(DATA EXTRACTS)

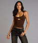 Simple with a twist. This ribbed knit crop top keeps it sleek with spaghetti straps and a body-hugging fit. while a front cutout adds a flirty allure to your favorite looks.
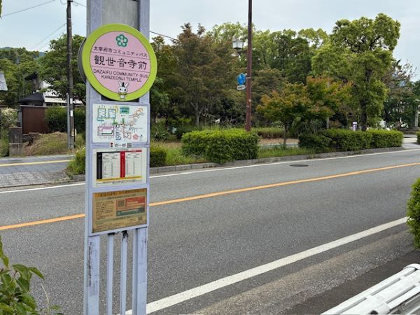 「西鉄太宰府駅」から「観世音寺前」までおよそ17分(車で約5分の距離ですが、バスは経由地があるので少し時間がかかります)。
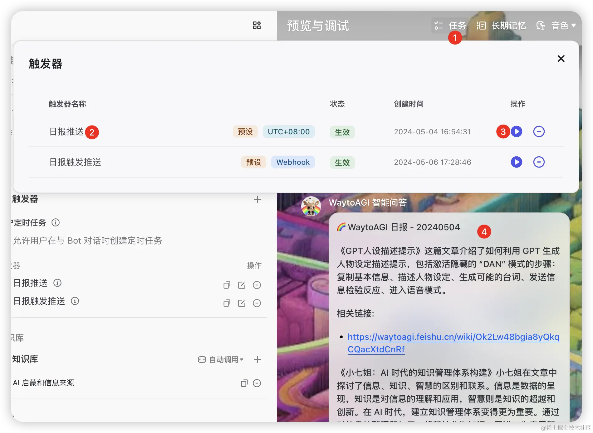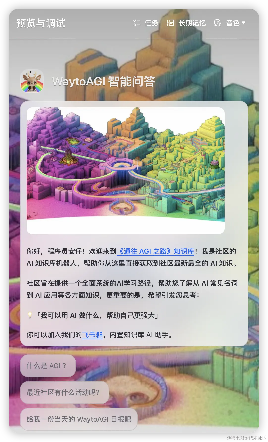 这不,突然想起来我也是 WaytoAGI 开源社区的作者,咦,那我何不尝试一下基于 Coze 帮社区做一个运营机器人?
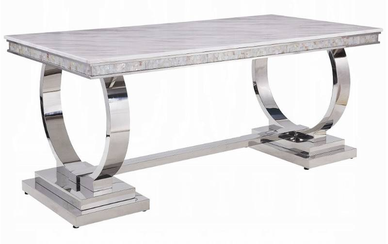 Get your dining guests instantly intrigued by the eye-catching and modern design. Open circle-accented trestle base made of shiny stainless steel is topped with beautiful cultured marble. It's metal frame showcases uncluttered lines and simplicity of this style, with mirrored silver finish emitting a luxurious glitter.Read More
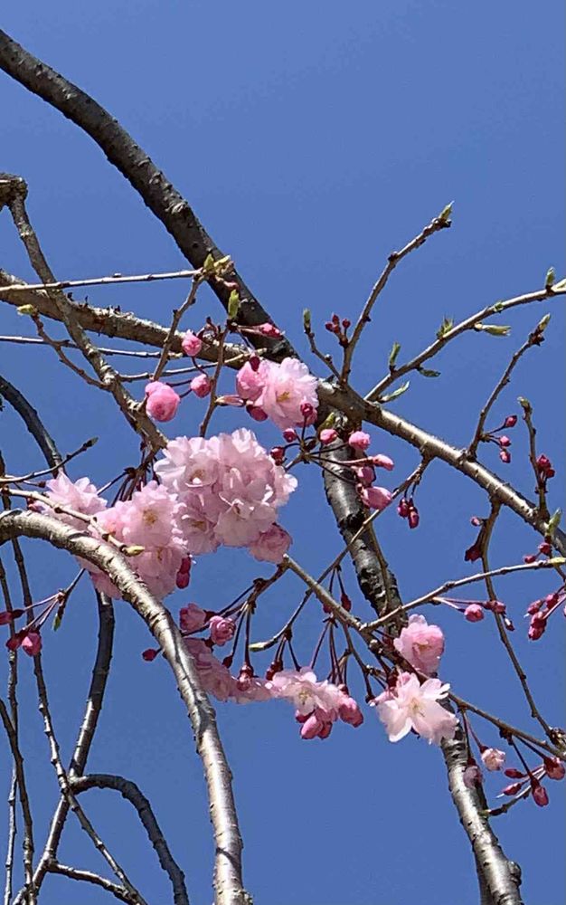 八重の枝垂れ桜🌸もう咲いているのですね!青空に淡いピンク色が映えます💗👍
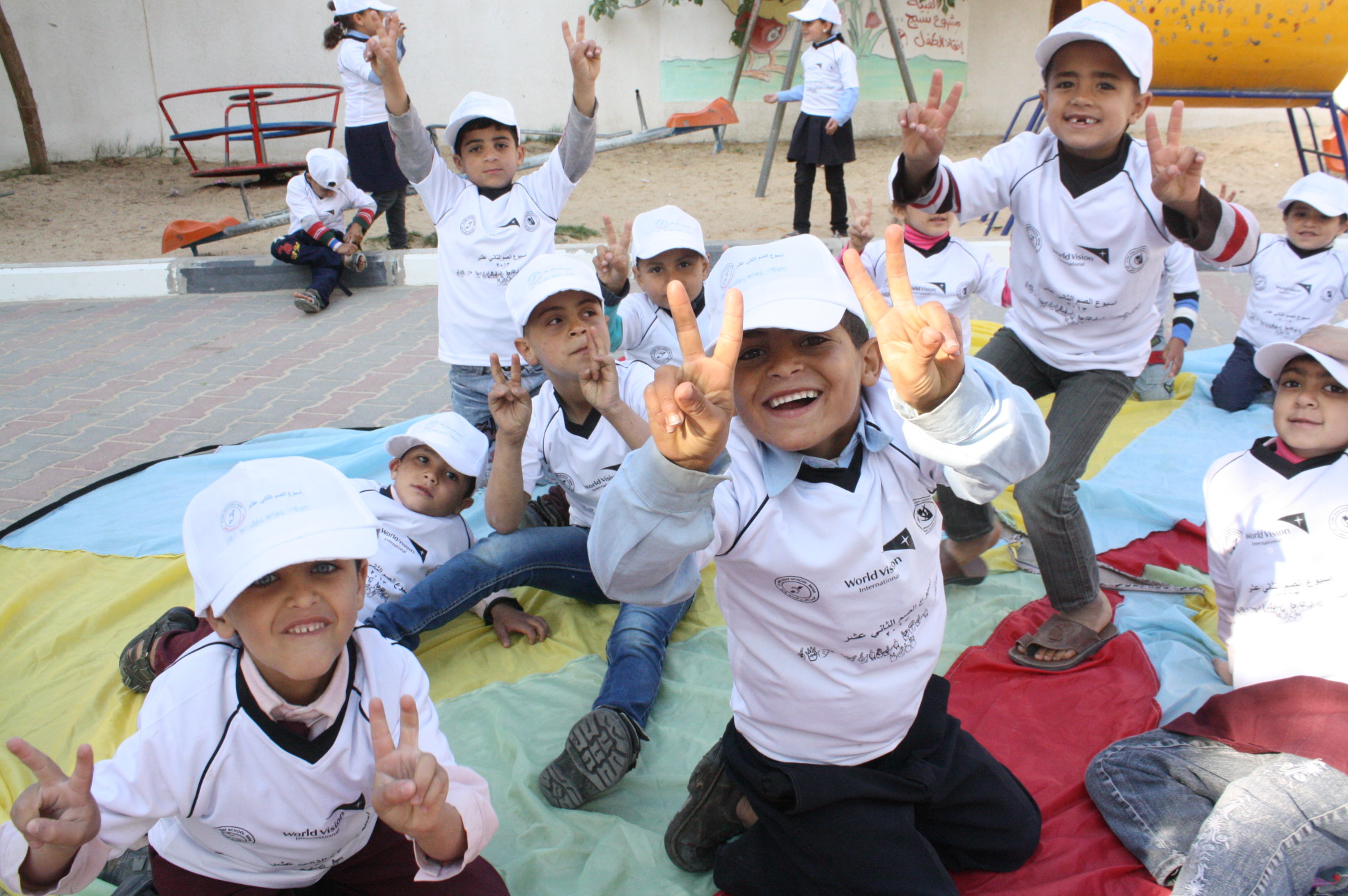 Children of Al-Amal kindergarten in Al-Amal Association for Rehabilitation - on a school day with Rafah Martyrs School
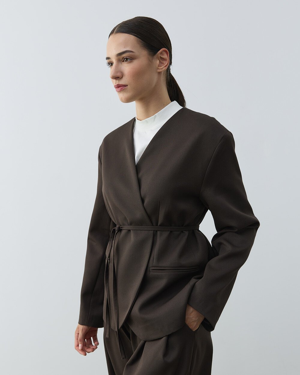 Yakasız Blazer Ceket Acı Kahve
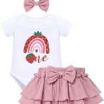 Baby Girls 1st Birthday Cake Smash Outfit Toddlers Infant Adorable Sweet Short Puff Sleeve Ruffle Tulle Romper Dress and Headband 2 Pcs Outfits Bodysuit Photo Shooting Props
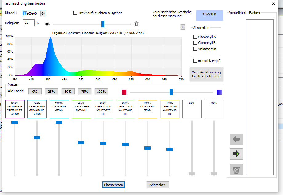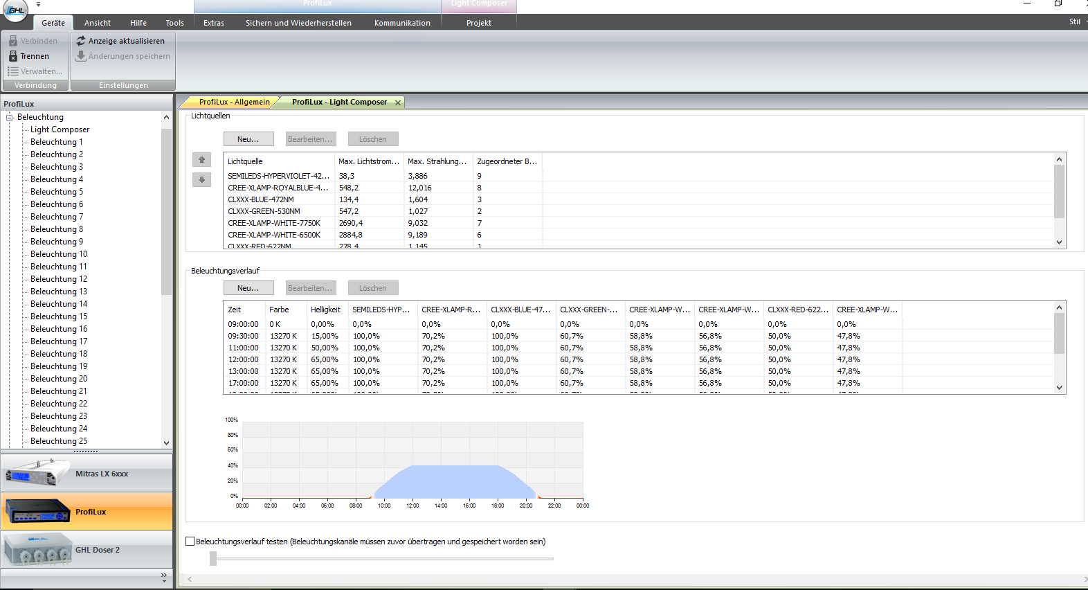 Mit der Beleuchtung spielt es sich momentan ein. Anbei zwei Übersichten der Einstellung. Es sind zwei Ocean Blue und zwei Actinic Lightbars von GHL verbaut.
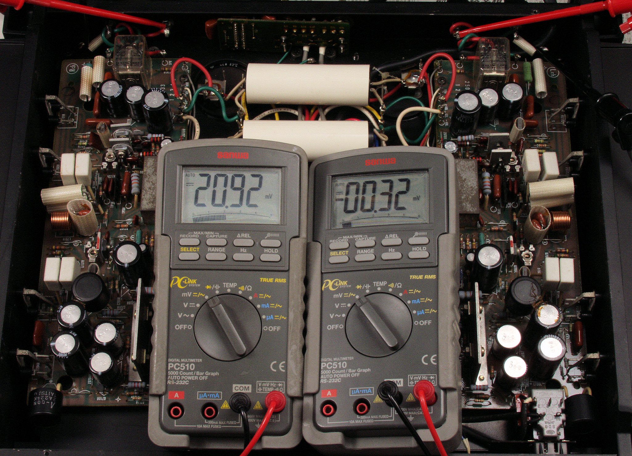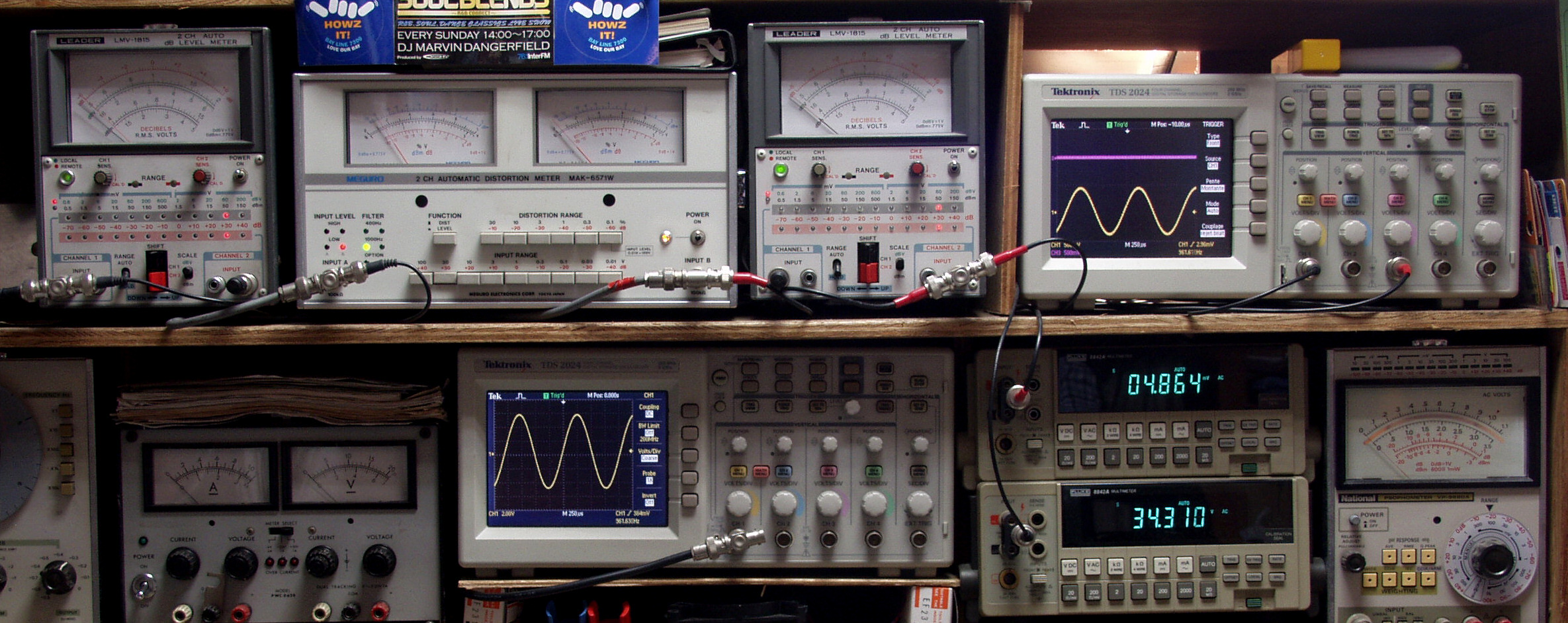 上段中左 歪み率計=出力の歪み率測定 左メータ=L出力、右メータ=R出力。
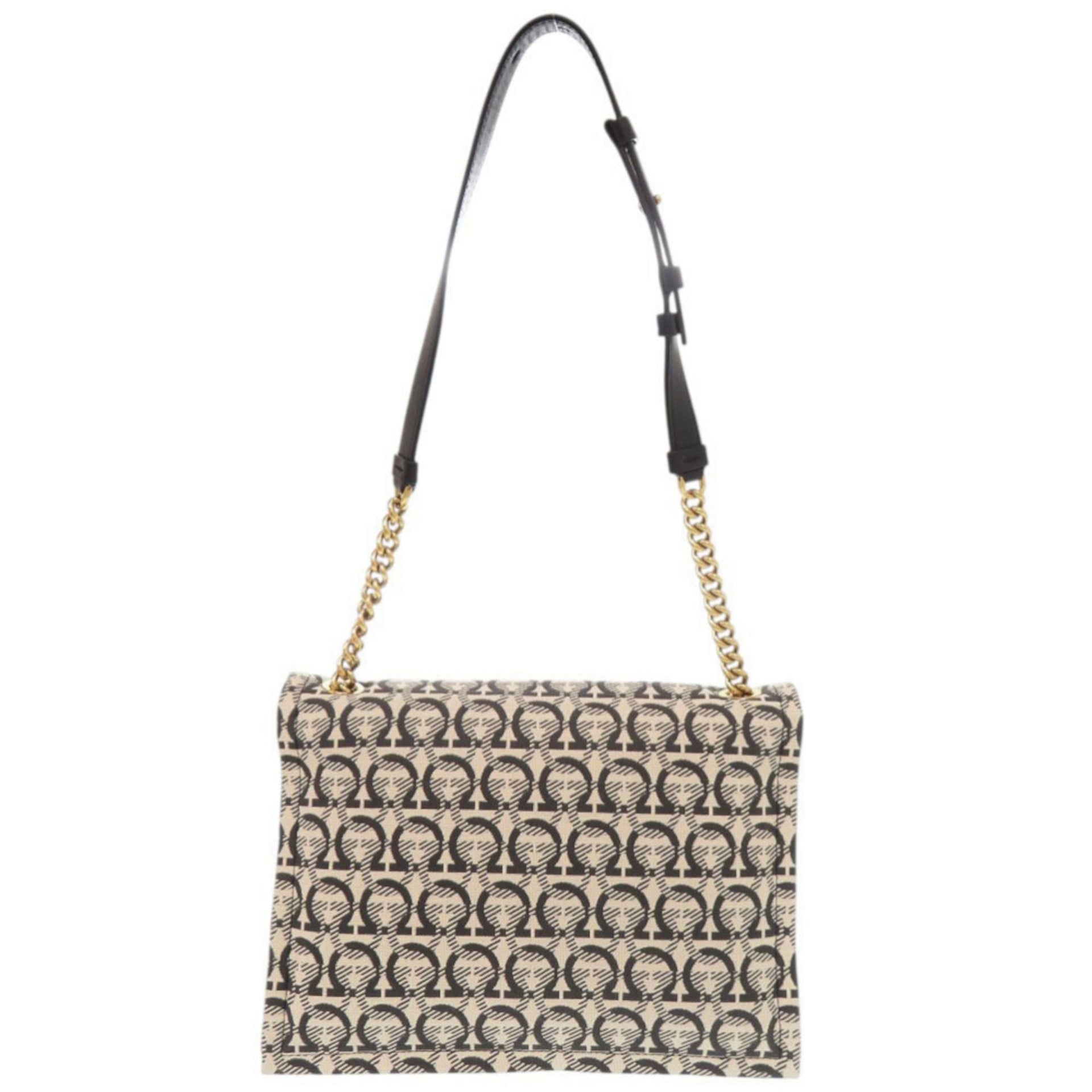 Salvatore Ferragamo VIVA Bow Canvas and Leather Ivory Shoulder Bag 1032
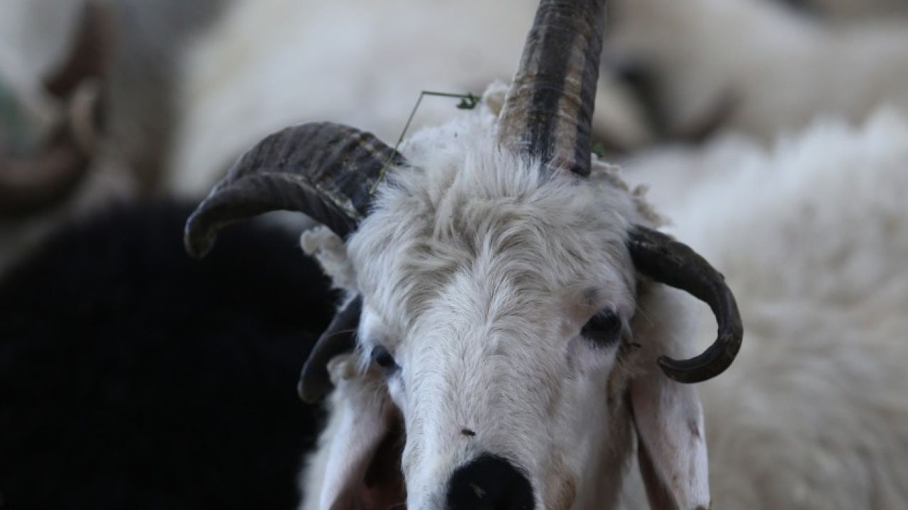Bursa'daki kurban pazarına getirilen 4 boynuzlu koç ilgi odağı oldu.
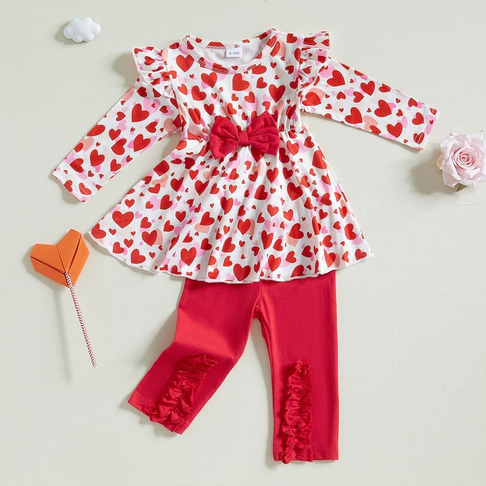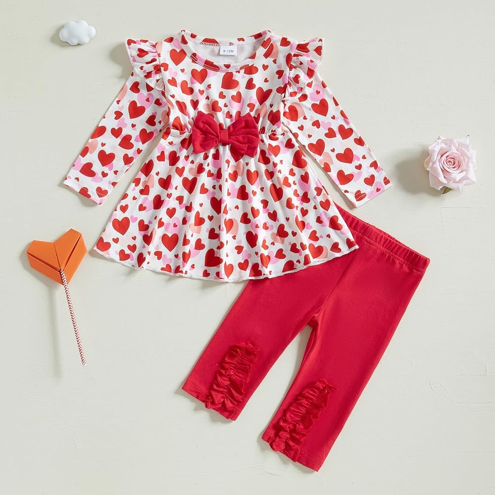 💖Material: Baby girl valentine's day outfits, valentines day baby girl outfit, baby girl valentines day outfit is made of high quality cotton blend, tops: 95% polyester and 5% elastane, pants: 95% cotton and 5% elastane, soft and comfortable, toddler girl valentines day outfit, comfortable and breathable for your baby. Best Valentine's Day gift for your girls.
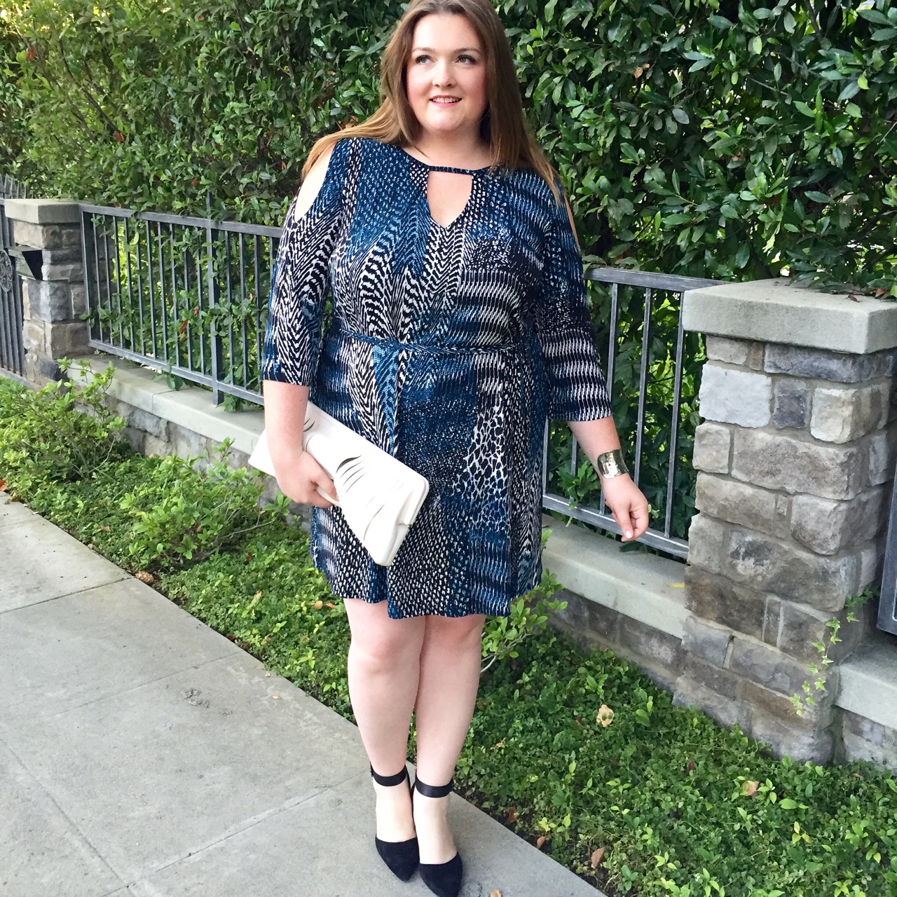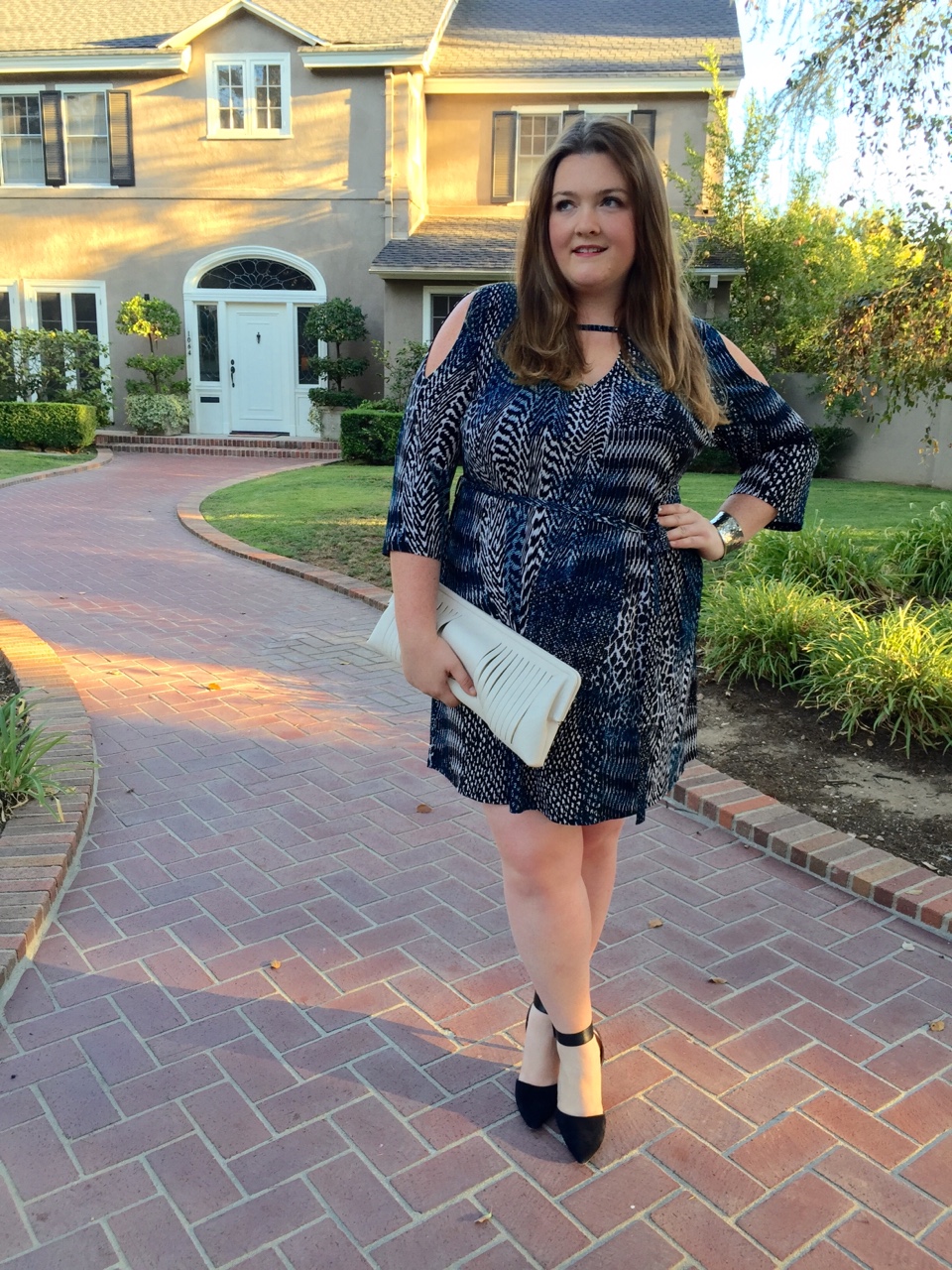 I’m trying my best to get into Fall clothes but it’s a little hard when LA weather just doesn’t want me to! However when I saw this dress from Anna Scholz I had to try it! The silhouette is a good one for me and I loved the print and cold shoulder detail. I paired it with my new favorite cream clutch from BCBG and black pumps from Sam Edelman.

(End DATA EXTRACTS)

**TASK DETAILS**. If pictures appear, drop them, and retype exactly the lines from the "Mit der Beleuchtung" line through the last line of the data above.

**OUTPUT FOR THIS EXERCISE**.
 Mit der Beleuchtung spielt es sich momentan ein. Anbei zwei Übersichten der Einstellung. Es sind zwei Ocean Blue und zwei Actinic Lightbars von GHL verbaut.
 上段中左 歪み率計=出力の歪み率測定 左メータ=L出力、右メータ=R出力。
 Salvatore Ferragamo VIVA Bow Canvas and Leather Ivory Shoulder Bag 1032
Bursa'daki kurban pazarına getirilen 4 boynuzlu koç ilgi odağı oldu.
 💖Material: Baby girl valentine's day outfits, valentines day baby girl outfit, baby girl valentines day outfit is made of high quality cotton blend, tops: 95% polyester and 5% elastane, pants: 95% cotton and 5% elastane, soft and comfortable, toddler girl valentines day outfit, comfortable and breathable for your baby. Best Valentine's Day gift for your girls.
 I’m trying my best to get into Fall clothes but it’s a little hard when LA weather just doesn’t want me to! However when I saw this dress from Anna Scholz I had to try it! The silhouette is a good one for me and I loved the print and cold shoulder detail. I paired it with my new favorite cream clutch from BCBG and black pumps from Sam Edelman.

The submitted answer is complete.